▸ **WHAT THE TASK ASKS**:
Look below for the line that has "Oversized wide-leg fit, with"; output exactly from it through the line that has "Technische gegevens: Compleet", and leave the pictures out.

▸ **EXTRACTED MATERIAL**:
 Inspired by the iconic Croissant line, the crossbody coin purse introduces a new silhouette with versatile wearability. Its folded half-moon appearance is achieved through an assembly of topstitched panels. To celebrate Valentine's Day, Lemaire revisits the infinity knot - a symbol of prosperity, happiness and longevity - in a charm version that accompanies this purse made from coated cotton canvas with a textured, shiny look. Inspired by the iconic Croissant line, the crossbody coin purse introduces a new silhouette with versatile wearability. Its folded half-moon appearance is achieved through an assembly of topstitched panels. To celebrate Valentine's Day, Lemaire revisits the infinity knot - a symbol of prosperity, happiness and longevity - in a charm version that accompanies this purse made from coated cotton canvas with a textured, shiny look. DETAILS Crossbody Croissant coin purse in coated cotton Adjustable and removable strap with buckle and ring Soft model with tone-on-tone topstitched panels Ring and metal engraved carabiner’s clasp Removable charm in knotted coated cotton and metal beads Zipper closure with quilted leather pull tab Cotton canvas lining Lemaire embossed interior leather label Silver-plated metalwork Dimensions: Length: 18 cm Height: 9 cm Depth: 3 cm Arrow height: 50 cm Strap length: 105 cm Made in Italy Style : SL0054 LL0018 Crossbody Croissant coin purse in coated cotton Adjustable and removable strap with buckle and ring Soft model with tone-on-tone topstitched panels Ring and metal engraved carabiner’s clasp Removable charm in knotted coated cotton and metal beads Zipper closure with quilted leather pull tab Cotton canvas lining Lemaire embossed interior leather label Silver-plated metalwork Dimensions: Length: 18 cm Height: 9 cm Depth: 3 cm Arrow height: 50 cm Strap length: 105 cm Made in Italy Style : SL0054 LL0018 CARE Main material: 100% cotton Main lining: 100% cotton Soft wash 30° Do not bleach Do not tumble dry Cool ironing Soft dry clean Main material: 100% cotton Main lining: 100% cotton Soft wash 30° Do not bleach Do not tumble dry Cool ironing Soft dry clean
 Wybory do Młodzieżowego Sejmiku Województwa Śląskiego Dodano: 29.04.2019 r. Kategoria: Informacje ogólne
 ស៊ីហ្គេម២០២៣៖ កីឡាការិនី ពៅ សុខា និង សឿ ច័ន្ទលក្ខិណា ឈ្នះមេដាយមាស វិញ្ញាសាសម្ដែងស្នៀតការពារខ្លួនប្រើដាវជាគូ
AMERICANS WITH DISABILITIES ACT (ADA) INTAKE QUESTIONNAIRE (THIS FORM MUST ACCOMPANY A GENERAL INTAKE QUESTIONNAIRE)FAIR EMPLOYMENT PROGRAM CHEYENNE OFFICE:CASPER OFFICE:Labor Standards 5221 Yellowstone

* * *

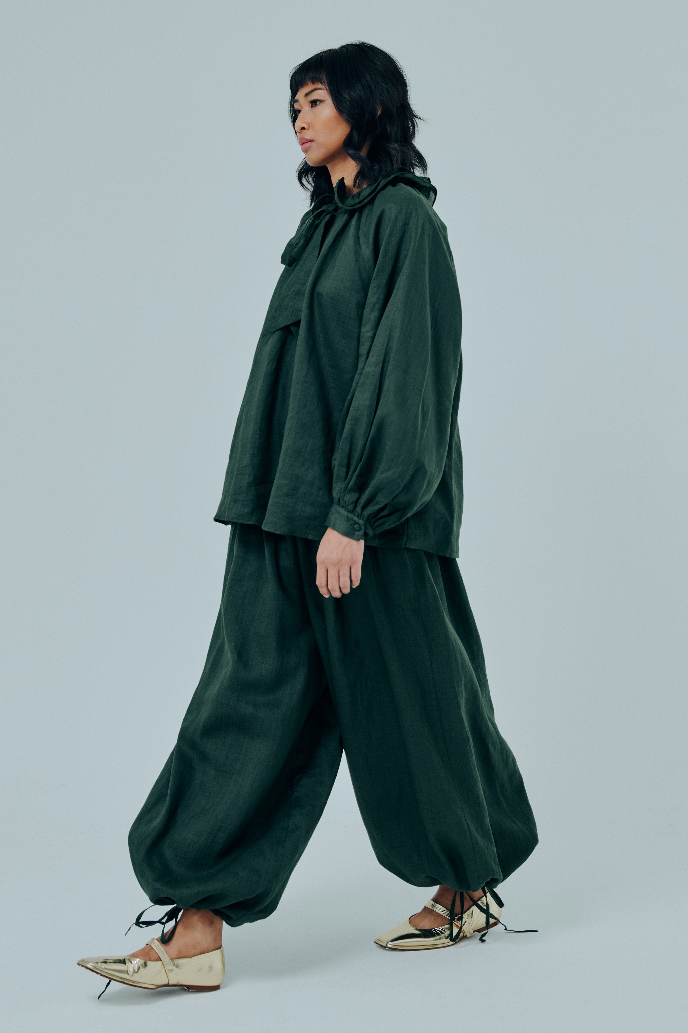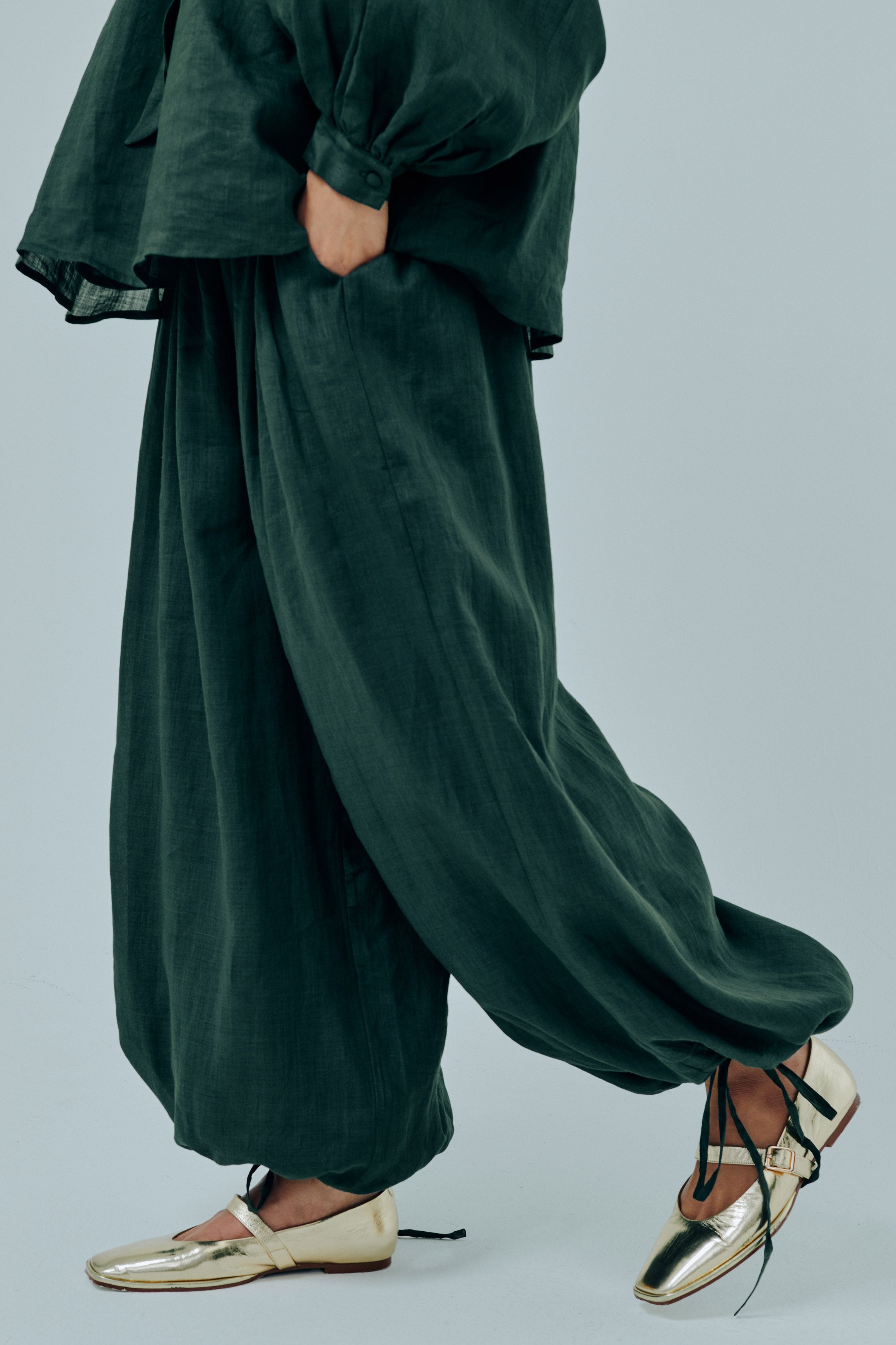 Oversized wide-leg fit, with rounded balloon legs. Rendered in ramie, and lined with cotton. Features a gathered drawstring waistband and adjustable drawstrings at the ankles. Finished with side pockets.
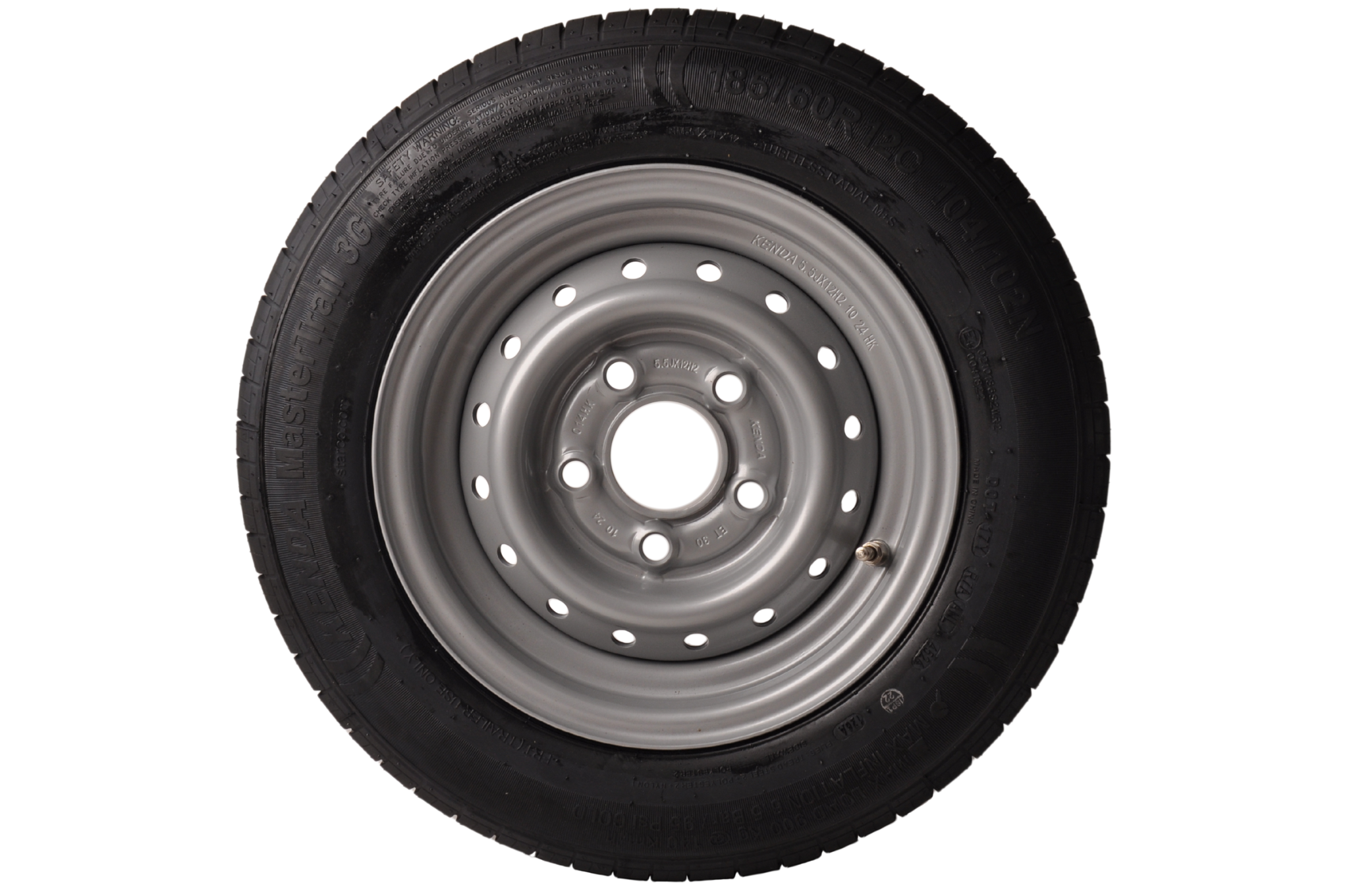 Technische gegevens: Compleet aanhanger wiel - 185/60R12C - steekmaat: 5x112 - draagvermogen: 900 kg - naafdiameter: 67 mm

* * *

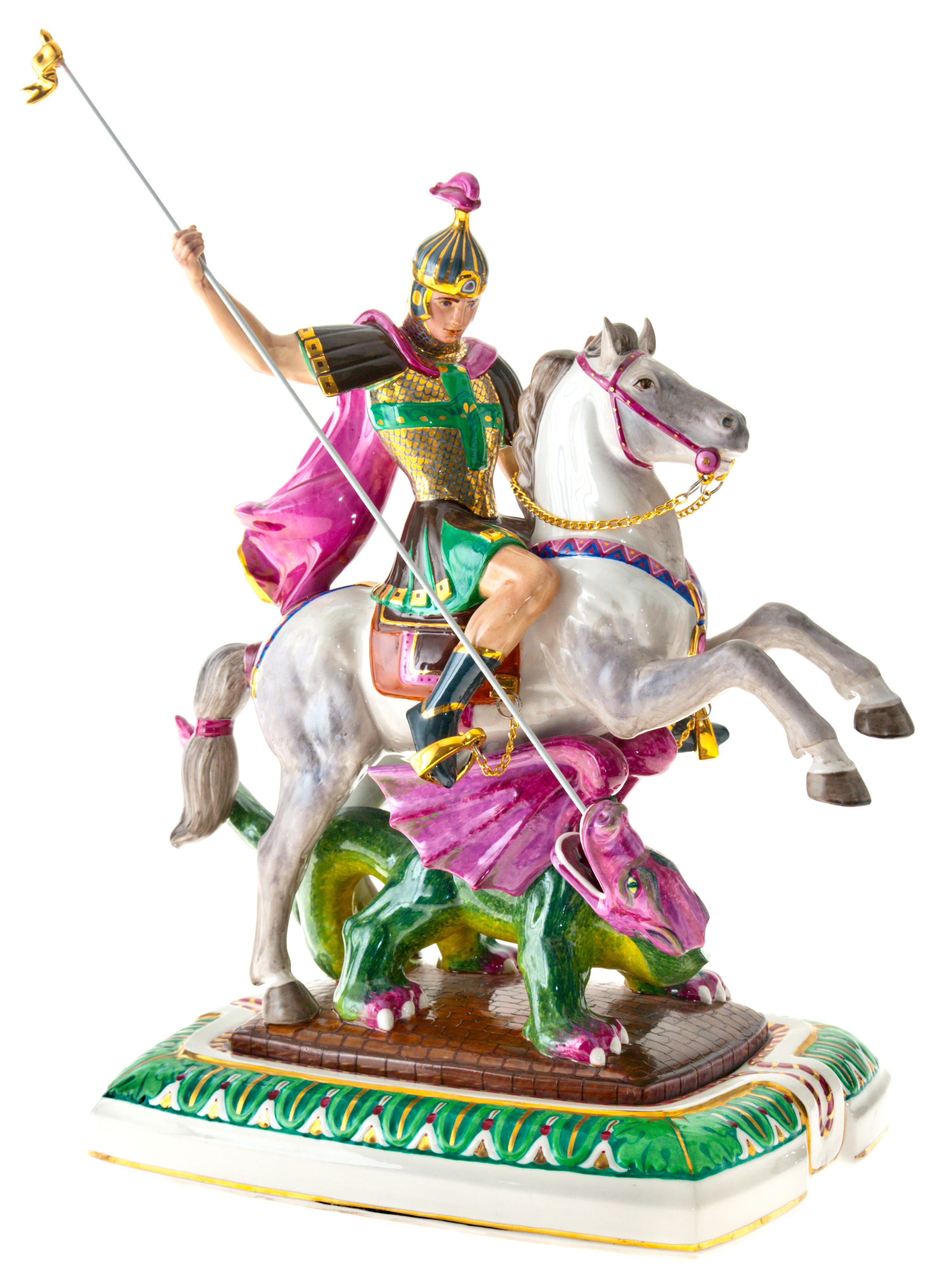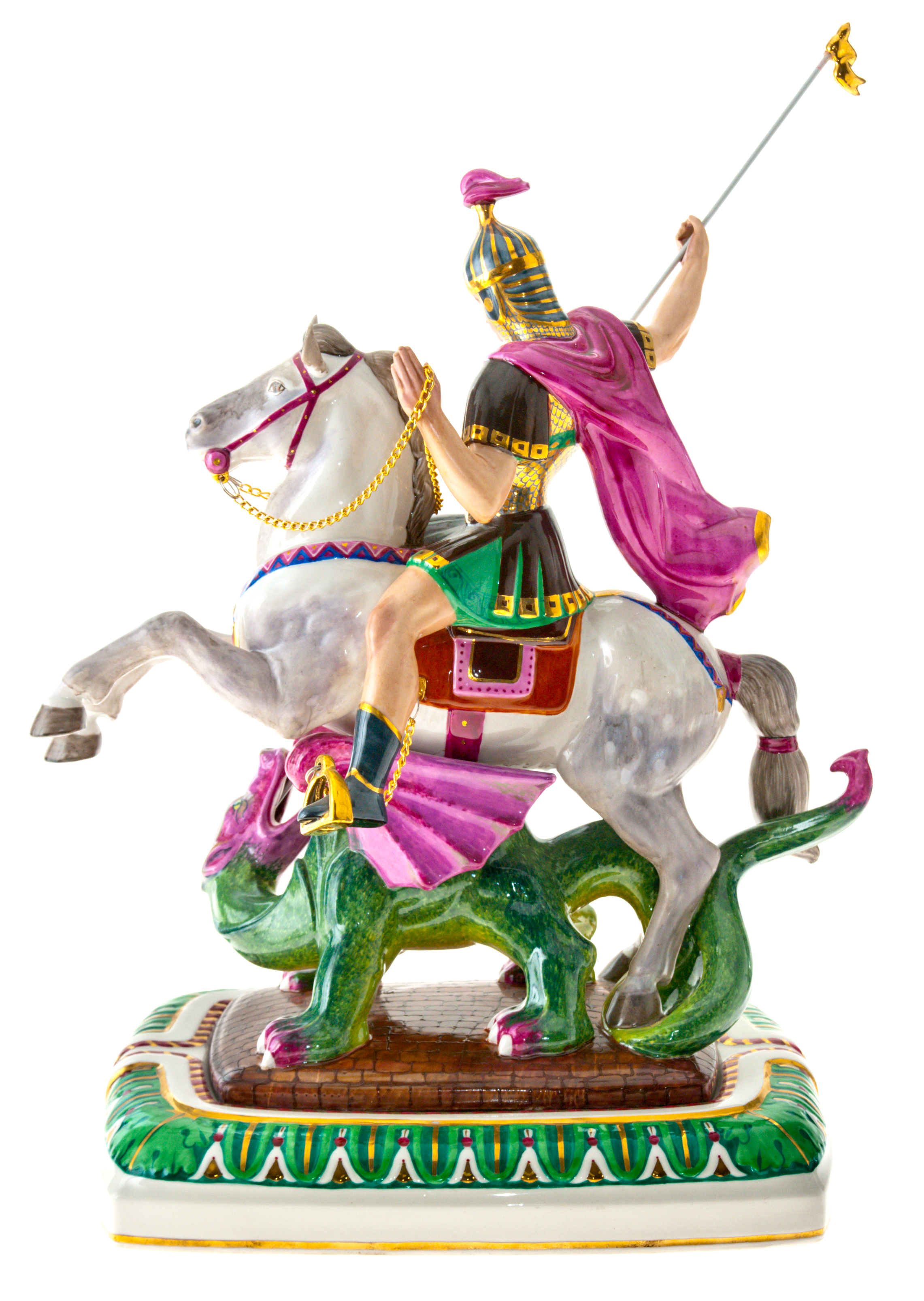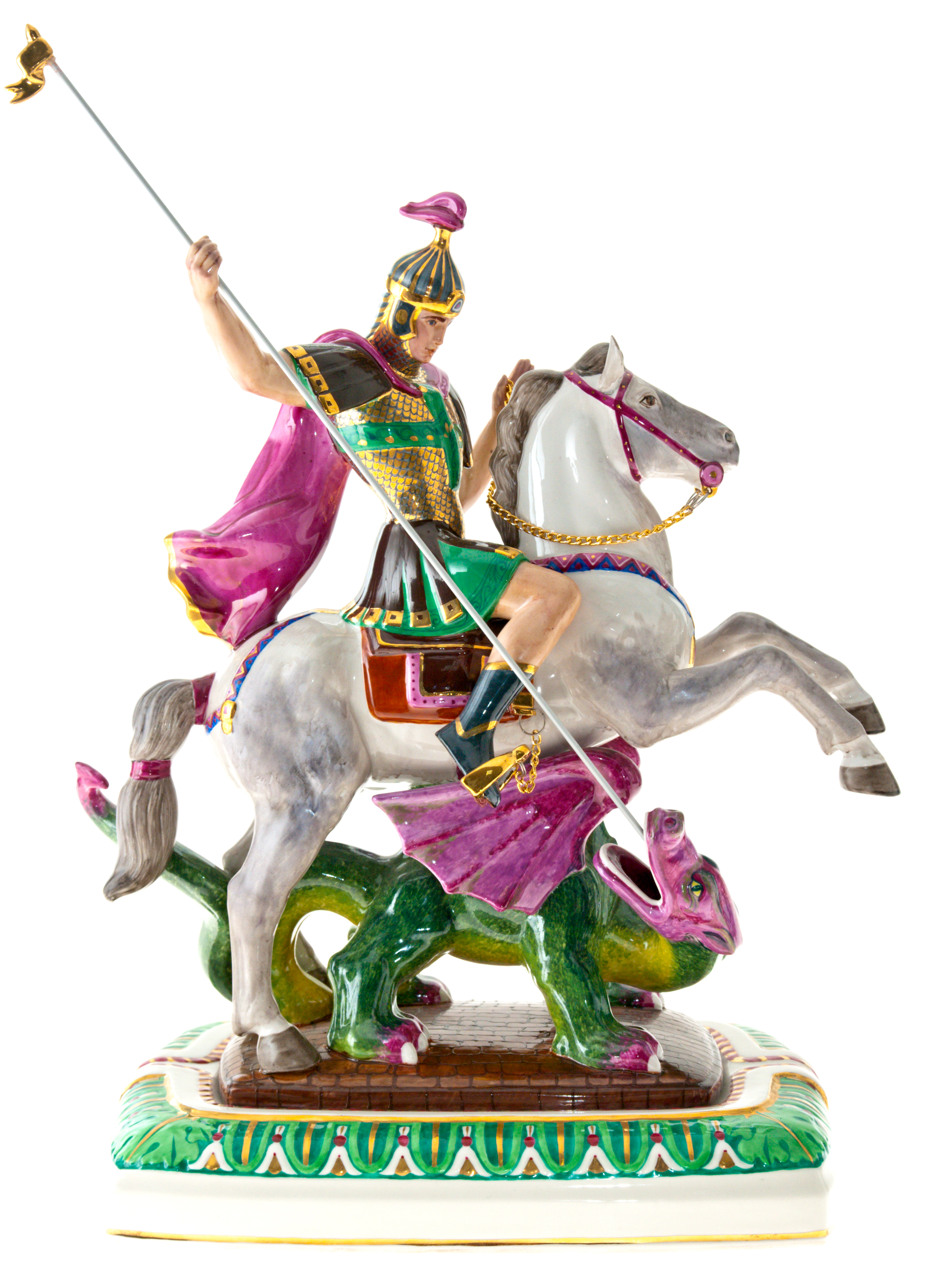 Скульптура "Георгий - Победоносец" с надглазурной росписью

▸ **ANSWER TO THIS TASK**:
 Oversized wide-leg fit, with rounded balloon legs. Rendered in ramie, and lined with cotton. Features a gathered drawstring waistband and adjustable drawstrings at the ankles. Finished with side pockets.
 Technische gegevens: Compleet aanhanger wiel - 185/60R12C - steekmaat: 5x112 - draagvermogen: 900 kg - naafdiameter: 67 mm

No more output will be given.